Answer
,
Work Step by Step
${{\sin }^{4}}t-{{\cos }^{4}}t$
Now, factorize the above expression. By using the formulae ${{A}^{2}}-{{B}^{2}}=(A+B)(A-B)$ , with $A={{\sin }^{2}}t$ and $B={{\cos }^{2}}t$ for the first numeric expression.

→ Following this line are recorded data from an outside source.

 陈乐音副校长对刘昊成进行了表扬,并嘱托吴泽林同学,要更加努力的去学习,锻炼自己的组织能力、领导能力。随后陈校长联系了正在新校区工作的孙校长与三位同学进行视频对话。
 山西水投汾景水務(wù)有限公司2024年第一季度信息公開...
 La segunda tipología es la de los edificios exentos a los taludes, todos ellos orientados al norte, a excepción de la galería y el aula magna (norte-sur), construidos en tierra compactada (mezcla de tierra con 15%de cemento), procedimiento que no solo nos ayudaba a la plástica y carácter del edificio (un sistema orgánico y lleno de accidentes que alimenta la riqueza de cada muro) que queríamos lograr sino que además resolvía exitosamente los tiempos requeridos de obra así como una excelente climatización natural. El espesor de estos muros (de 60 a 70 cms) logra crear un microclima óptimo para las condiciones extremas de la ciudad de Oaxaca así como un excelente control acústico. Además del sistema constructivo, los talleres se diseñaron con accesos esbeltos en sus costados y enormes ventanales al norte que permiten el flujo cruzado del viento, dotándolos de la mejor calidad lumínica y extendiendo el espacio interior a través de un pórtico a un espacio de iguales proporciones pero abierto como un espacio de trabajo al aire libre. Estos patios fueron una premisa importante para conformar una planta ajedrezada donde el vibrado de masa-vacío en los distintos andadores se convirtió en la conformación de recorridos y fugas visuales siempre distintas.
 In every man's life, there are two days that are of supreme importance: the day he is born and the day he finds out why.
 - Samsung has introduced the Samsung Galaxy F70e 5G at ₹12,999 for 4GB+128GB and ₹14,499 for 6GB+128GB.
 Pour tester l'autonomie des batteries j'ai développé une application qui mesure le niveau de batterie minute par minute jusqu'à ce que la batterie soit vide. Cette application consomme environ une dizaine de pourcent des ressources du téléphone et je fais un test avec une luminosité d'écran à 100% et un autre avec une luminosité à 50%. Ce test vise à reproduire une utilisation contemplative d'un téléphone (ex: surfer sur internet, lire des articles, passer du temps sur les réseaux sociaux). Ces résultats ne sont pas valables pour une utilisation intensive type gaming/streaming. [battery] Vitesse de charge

${{\sin }^{4}}t-{{\cos }^{4}}t=\left( {{\sin }^{2}}t+{{\cos }^{2}}t \right)\left( {{\sin }^{2}}t-{{\cos }^{2}}t \right)$
Apply the Pythagorean identity of trigonometry ${{\sin }^{2}}t+{{\cos }^{2}}t=1$ , and now the above expression can be further simplified as:
$\begin{align}
& {{\sin }^{4}}t-{{\cos }^{4}}t=\left( {{\sin }^{2}}t+{{\cos }^{2}}t \right)\left( {{\sin }^{2}}t-{{\cos }^{2}}t \right) \\
& =1\left( {{\sin }^{2}}t-{{\cos }^{2}}t \right) \\
& ={{\sin }^{2}}t-{{\cos }^{2}}t
\end{align}$
By using the Pythagorean identity of trigonometry is ${{\sin }^{2}}t=1-{{\cos }^{2}}t$ , which comes out by solving ${{\sin }^{2}}t+{{\cos }^{2}}t=1$, the above expression can be further simplified as:
$\begin{align}
& {{\sin }^{2}}t-{{\cos }^{2}}t=1-{{\cos }^{2}}t-{{\cos }^{2}}t \\
& =1-2{{\cos }^{2}}t
\end{align}$
Thus, the left side of the expression is equal to the right side, which is
${{\sin }^{4}}t-{{\cos }^{4}}t=1-2{{\cos }^{2}}t$.